Change detection in remote sensing images aims to accurately determine any significant land surface changes based on acquired multi-temporal image data, being a pivotal task of remote sensing image processing. Over the past few years, owing to its powerful learning and expression ability, deep learning has been widely applied in the general field of image processing and has demonstrated remarkable potentials in performing change detection in images. However, a majority of the existing deep learning-based change detection mechanisms are modified from single-image semantic segmentation algorithms, without considering the temporal information contained within the images, thereby not always appropriate for real-world change detection. This paper proposes a High-Resolution Triplet Network (HRTNet) framework, including a dynamic inception module, to tackle such shortcomings in change detection. First, a novel triplet input network is introduced, which is capable of learning bi-temporal image features, extracting the temporal information reflecting the difference between images over time. Then, a network is employed to extract high-resolution image features, ensuring the learned features preserving high-resolution characteristics with minimal reduction of information. The paper also proposes a novel dynamic inception module, which helps improve the feature expression ability of HRTNet, enriching the multi-scale information of the features extracted. Finally, the distances between feature pairs are measured to generate a high-precision change map. The effectiveness and robustness of HRTNet are verified on three popular high-resolution remote sensing image datasets.
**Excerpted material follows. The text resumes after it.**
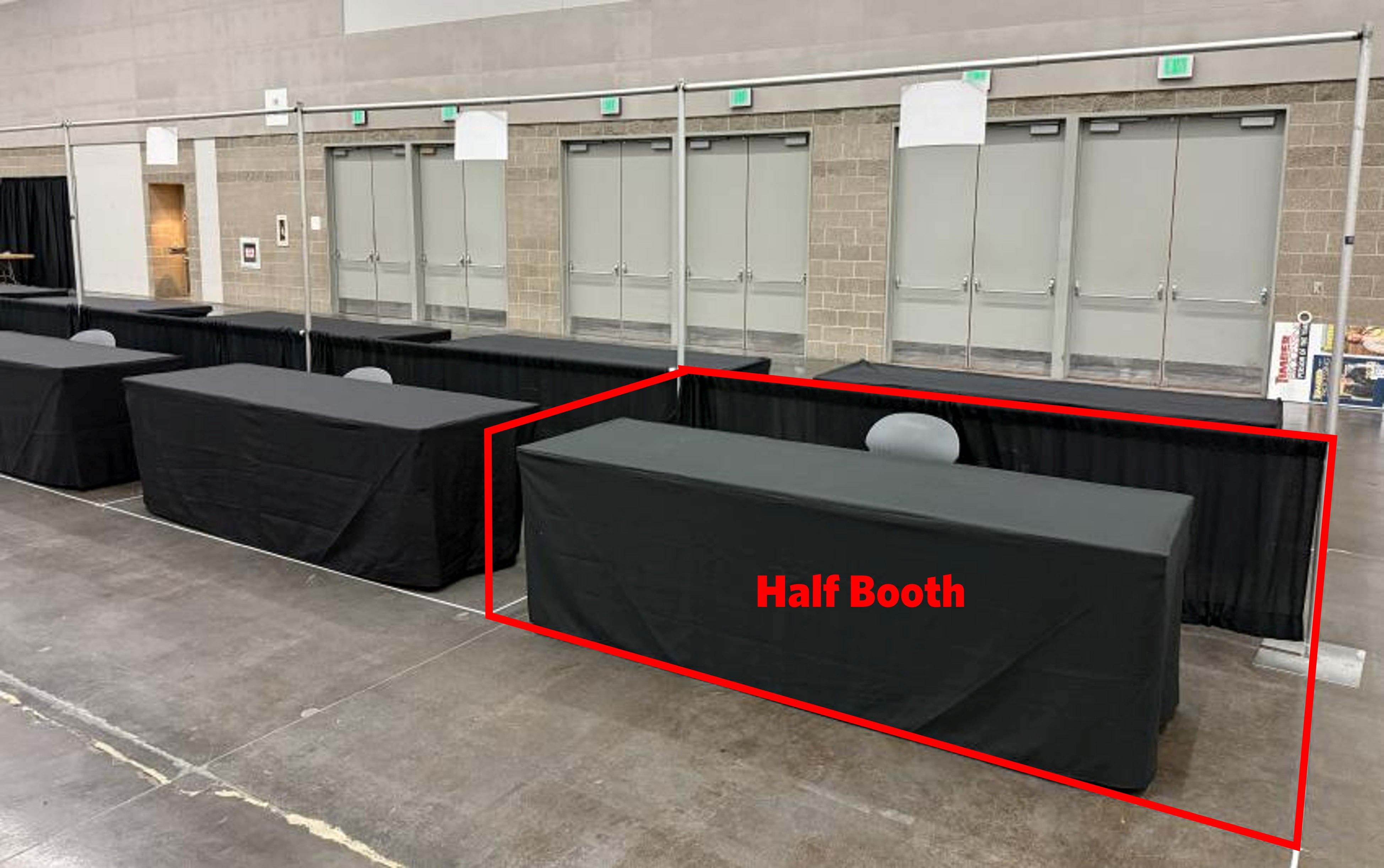 While most trade show booths are only accessible from the front, many of our booths are accessible from at least three sides. We include a generous 4 or more feet of space between adjacent booths to maximize frontage available to attendees. All our exhibitor spaces include tables with tablecloths in the package price. Further, booths that are back-to-back with another row of exhibitors include a half-drape wall and full-height pipe for hanging signage. For stand-alone booths, pipe and stands are available for hanging signage/banners.

Systematic experimental results show that the proposed approach outperforms state-of-the-art change detection methods.

Automated summary

This paper proposes a High-Resolution Triplet Network (HRTNet) framework to address the issue of temporal information missing in deep learning-based change detection in remote sensing images. By introducing a novel triplet input network and dynamic inception module, the effectiveness and robustness of change detection are successfully improved.